I fiori volano giù dal loggione e dai palchi, per ringraziare degli effetti speciali, quattro cambi di scena in meno di un minuto nel primo atto, incensi che invadono la platea e i palchi, uccelli sacri che volano sul palco. Una regìa che spinge la musica, la sostiene, la incoraggia, a tratti la sostituisce, ardita come può esserlo in un uomo sicuro di sé, capace di mettersi in gioco con una padronanza senza paura di cadere nel kitsch. «Dobbiamo essere molto fieri. Stiamo cercando di fare della Scala la capitale mondiale dell’opera» dice assediato dal pubblico che lo rincorre per le scale già durante l’intervallo.
Smoking vezzosissimo, impreziosito da un panciotto di foglie nero su nero e da una luminosa sciarpa bianca di cachemire, persino l’eleganza è di chi sa di poter osare ed essere sincero: «All’inizio il pubblico era più freddo, poi sono stati presi dal fascino della recita». Parla da toscano verace anche con Prodi e signora, con il cancelliere tedesco Angela Merkel che lo riempie di complimenti. Il ministro della Cultura, Francesco Rutelli, rievoca la sua lunghissima carriera scaligera: «Più di un giubileo... L’Aida è meravigliosa, ma con Zeffirelli ha un tocco in più».
L’Autobiografia del maestro, appena edita da Mondadori, fa da ricca cornice alla prima della Scala che lo riporta al centro della scena dopo anni di penombra italiana. Zeffirelli ha sempre sospettato, e non sempre a bassa voce, che ci fosse il veto di Riccardo Muti dietro la sua lontananza forzata. Così, il successo è anche una vittoria sulle amarezze e rimette in moto ricordi potenti come Maria, Aida celeberrima e sua Callas forever.
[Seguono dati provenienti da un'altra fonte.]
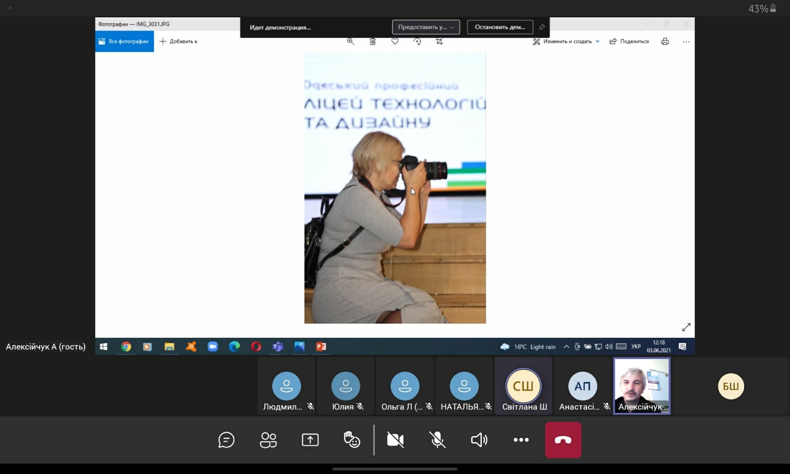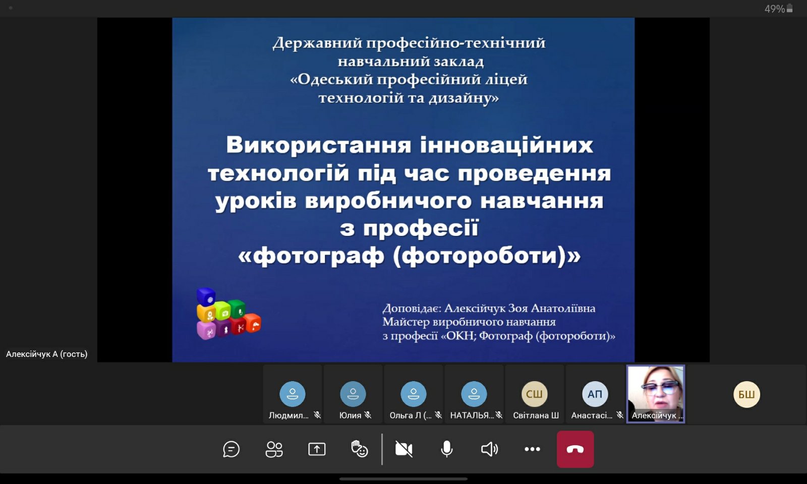 - Алексійчук Зоя Анатоліївна та Кришталь Володимир Григорович – майстри виробничого навчання з професії «Фотограф (фотороботи)» ДПТНЗ «Одеський професійний ліцей технологій та дизайну» з презентацією на тему: «Використання інноваційних технологій під час проведення уроків виробничого навчання з професії «Фотограф (фотороботи)»;

Applausi e fiori non gli sono mai mancati, ma alla Scala hanno un sapore speciale per il «figlio di Nn», o meglio di una madre volitiva e appassionata e di un padre che gli ha offerto il cognome troppo tardi, quando lui era Franco Zeffirelli e non poteva diventare nessun altro.
La prima Aida firmata Zeffirelli alla Scala è nel 1963, canovaccio di ogni recita successiva. Poi l’Aidina di Busseto, l’Aidona di Tokyo e quella dell’Arena di Verona.

Nella tensione e nel desiderio del maestro la sua quinta Aida le riassume e le supera tutte. È la prova definitiva, «l’Aida delle Aide», ha voluto chiamarla Zeffirelli. Un po’ il sogno di tornare al febbraio 1872, alla sera che fu il vero debutto di Aida dopo la prova generale del Cairo.